В прошлом письме я сказала, что постараюсь, но это было до уговора с Дексом. Теперь же я не хочу уезжать. Именно потому, что у нас с ним все-таки ничего еще кончилось.
— Сомневаюсь. Меня уже пригласили в Хэмптонс, — говорю я.
— И Декс там будет?
— Да, но я все же хочу отдохнуть, за свои-то деньги.
— Правильно. А-га!..
— Не говори в таком тоне.
— Ладно, — соглашается он. — Но ты когда-нибудь ко мне соберешься? После экзамена на адвоката ты тоже не поехала. Из-за Ната.
— Приеду. Обещаю. Может быть, в сентябре.
— Хорошо. Но на Четвертое июля будет большой праздник.
— Вы ведь его там не отмечаете, — говорю я.
— Да. В самом деле, забавно, что англичане не отмечают день нашей от них независимости... Но я праздную в душе, Рейчел.
Смеюсь и говорю, что осенью постараюсь прилететь.
— Ладно. Напишу тебе, когда у меня будут свободные выходные. И расскажу о своих делишках.

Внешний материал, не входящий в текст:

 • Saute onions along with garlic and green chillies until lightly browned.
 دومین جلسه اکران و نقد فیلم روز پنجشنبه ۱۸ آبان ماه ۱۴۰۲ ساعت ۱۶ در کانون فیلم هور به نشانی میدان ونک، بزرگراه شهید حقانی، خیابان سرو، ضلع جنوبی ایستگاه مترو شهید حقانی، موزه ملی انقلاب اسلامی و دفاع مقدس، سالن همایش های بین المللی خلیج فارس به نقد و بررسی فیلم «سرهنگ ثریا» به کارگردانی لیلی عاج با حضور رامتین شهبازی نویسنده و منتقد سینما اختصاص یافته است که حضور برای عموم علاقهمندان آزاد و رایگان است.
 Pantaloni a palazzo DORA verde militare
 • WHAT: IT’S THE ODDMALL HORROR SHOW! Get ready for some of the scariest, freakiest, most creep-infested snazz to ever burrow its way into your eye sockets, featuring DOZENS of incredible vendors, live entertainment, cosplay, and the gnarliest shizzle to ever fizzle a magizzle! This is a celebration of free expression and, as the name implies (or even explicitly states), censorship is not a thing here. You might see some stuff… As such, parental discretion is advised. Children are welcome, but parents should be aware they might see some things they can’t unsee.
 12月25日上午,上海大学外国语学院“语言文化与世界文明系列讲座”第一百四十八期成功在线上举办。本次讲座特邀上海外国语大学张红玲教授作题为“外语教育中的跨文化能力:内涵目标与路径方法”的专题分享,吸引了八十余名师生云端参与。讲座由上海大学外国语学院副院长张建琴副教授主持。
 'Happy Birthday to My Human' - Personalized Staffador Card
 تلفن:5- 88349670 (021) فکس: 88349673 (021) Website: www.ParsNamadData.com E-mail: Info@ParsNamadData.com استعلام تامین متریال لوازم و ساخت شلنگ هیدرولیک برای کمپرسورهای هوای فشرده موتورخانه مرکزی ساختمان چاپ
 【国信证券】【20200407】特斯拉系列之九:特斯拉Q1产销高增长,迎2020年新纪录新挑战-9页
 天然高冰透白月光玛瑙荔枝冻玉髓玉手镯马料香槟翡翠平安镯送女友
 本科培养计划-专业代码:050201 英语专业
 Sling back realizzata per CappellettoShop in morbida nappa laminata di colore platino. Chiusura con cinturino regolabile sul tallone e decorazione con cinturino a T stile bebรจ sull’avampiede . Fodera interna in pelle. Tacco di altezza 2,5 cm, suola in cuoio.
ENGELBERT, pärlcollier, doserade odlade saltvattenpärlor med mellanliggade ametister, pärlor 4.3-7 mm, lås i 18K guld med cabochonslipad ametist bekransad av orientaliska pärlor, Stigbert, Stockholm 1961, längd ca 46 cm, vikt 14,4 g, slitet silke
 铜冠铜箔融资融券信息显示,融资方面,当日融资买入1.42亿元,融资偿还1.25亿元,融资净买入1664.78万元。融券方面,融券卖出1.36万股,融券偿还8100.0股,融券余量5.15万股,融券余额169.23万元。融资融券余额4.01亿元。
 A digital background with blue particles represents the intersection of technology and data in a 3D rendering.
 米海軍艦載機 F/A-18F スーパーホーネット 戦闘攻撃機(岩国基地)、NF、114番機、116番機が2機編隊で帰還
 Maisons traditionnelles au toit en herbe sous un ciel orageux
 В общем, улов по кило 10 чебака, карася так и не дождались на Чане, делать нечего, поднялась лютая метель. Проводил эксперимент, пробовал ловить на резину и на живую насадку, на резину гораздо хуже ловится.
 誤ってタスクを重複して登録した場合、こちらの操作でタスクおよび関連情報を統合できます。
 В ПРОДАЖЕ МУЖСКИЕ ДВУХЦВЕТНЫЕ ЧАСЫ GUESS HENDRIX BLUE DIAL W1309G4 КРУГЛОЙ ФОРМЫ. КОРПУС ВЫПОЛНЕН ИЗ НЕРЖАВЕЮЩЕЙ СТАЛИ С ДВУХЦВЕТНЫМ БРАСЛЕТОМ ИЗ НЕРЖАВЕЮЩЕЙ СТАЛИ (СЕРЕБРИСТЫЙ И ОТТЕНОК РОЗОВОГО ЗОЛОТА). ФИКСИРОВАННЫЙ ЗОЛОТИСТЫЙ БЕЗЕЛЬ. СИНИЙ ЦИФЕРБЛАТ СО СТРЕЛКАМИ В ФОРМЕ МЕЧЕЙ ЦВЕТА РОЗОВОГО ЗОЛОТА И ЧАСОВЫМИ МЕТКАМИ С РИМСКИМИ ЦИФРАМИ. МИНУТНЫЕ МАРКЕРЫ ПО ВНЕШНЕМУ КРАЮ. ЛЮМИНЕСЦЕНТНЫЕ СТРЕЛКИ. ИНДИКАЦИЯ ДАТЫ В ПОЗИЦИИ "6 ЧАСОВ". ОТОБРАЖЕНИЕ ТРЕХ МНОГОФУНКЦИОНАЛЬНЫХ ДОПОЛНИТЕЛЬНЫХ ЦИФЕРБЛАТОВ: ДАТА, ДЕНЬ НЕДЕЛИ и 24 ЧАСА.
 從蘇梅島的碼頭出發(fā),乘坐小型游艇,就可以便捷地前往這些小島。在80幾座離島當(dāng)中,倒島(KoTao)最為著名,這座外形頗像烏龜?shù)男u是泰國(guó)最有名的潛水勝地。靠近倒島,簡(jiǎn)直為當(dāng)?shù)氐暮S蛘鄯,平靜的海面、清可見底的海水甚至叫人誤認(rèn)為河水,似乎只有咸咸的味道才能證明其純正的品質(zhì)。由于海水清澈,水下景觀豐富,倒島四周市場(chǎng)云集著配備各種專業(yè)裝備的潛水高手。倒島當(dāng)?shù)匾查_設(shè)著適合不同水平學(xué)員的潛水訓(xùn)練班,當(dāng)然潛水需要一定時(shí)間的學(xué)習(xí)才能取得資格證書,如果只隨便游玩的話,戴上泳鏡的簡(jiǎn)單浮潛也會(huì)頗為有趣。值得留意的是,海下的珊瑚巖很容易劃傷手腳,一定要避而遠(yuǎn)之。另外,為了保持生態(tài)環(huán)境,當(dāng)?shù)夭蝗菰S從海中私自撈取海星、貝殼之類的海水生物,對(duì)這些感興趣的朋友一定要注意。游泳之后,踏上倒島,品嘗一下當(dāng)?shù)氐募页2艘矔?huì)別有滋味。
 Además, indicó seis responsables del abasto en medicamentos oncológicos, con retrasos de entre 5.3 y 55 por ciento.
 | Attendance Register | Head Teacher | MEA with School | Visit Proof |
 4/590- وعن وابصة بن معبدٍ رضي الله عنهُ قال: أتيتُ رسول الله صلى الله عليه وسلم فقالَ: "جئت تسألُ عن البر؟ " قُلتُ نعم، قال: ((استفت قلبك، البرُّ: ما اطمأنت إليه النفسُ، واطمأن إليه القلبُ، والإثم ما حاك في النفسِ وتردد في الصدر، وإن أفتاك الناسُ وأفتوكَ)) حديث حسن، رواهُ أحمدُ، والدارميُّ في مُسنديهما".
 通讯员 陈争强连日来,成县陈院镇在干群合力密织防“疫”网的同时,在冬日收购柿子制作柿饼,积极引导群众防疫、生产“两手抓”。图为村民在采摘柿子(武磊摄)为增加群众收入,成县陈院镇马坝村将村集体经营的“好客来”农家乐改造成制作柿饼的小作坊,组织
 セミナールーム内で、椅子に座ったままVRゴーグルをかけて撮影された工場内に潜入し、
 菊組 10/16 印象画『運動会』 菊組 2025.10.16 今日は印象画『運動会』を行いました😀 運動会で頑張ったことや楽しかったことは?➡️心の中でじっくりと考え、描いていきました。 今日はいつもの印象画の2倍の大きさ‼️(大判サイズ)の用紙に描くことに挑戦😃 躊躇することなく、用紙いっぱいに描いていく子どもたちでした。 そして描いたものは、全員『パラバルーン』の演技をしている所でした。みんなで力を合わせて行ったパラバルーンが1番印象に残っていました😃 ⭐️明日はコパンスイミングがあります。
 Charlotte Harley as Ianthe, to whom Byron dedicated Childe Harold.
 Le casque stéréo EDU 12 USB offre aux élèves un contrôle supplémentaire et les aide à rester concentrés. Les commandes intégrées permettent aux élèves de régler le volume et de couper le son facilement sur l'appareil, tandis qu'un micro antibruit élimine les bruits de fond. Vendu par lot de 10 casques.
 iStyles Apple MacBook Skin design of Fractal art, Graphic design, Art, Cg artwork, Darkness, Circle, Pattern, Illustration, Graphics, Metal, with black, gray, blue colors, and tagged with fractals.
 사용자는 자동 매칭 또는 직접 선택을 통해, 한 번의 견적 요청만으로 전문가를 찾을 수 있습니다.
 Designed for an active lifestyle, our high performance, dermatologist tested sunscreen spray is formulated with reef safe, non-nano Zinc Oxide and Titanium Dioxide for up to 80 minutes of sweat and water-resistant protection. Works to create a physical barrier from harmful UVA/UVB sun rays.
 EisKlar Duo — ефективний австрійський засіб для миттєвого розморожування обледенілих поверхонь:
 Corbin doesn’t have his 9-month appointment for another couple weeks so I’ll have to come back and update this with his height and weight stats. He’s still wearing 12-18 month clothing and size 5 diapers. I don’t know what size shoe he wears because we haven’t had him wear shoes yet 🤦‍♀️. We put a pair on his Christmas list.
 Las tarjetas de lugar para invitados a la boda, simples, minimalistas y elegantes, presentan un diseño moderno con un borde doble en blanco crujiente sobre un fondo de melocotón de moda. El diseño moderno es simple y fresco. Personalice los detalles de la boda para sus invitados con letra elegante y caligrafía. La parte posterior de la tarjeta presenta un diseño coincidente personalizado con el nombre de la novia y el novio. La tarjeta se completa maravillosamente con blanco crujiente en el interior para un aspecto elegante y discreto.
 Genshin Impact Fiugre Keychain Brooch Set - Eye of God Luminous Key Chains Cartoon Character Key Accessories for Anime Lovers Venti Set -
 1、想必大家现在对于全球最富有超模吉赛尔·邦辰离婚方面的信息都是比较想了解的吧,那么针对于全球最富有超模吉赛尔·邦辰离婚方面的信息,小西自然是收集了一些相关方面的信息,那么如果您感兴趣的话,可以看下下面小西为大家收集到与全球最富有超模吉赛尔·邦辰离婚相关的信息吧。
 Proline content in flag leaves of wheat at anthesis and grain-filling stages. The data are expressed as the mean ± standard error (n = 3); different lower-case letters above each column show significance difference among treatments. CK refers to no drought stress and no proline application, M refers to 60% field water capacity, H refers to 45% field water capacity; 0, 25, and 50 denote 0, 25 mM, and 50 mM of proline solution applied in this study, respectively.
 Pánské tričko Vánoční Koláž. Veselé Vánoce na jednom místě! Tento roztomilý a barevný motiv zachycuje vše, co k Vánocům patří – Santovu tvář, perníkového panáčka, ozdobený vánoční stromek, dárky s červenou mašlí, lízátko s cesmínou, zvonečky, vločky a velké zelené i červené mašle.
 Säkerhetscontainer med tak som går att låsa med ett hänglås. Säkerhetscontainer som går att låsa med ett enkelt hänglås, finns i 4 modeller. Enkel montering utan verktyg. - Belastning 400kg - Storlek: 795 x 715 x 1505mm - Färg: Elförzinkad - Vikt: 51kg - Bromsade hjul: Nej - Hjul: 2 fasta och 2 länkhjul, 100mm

Он знает, что я ненавижу слово «делишки». Так же, как терпеть не могу, когда говорят, что пообедали в «кафешке». Или просят «скоренько» перезвонить. У Итона есть излюбленные выражения, которыми он меня нарочно изводит — например, «дкз», то есть «делай как знаешь».
Улыбаюсь.
— Забавно звучит.
— Вот и классно.
Едва я вешаю трубку, телефон звонит снова. Автоответчик сообщает, что это Лэс. Предпочла бы не отвечать, но знаю, что в нашей конторе такая тактика не проходит. В итоге он будет злиться еще больше.
— Как ты отправила копии протоколов? — гаркает мой патрон, едва я успеваю поздороваться. Лэс всегда пренебрегает приличиями.
— Что ты имеешь в виду?
— Вид связи. Пакетом? По электронной почте?
«Нет, прибила к парадной двери, ты, осел», — думаю я, вспоминая устаревший тип доставки, опробованный некогда нью-йоркскими юристами.
— По почте, — бросаю взгляд на потрепанный экземпляр «Гражданского судопроизводства».
— Отлично. Превосходно, черт возьми, — говорит Лэс своим обычным ехидным тоном.
— Что?
— Что?! — орет он в трубку. Отставляю ее подальше от уха, но его голос раскатывается по всему коридору. — Ты все испортила к свиньям собачьим! Вот что! Бумаги нужно было передать лично! Ты не удосужилась почитать постановление суда?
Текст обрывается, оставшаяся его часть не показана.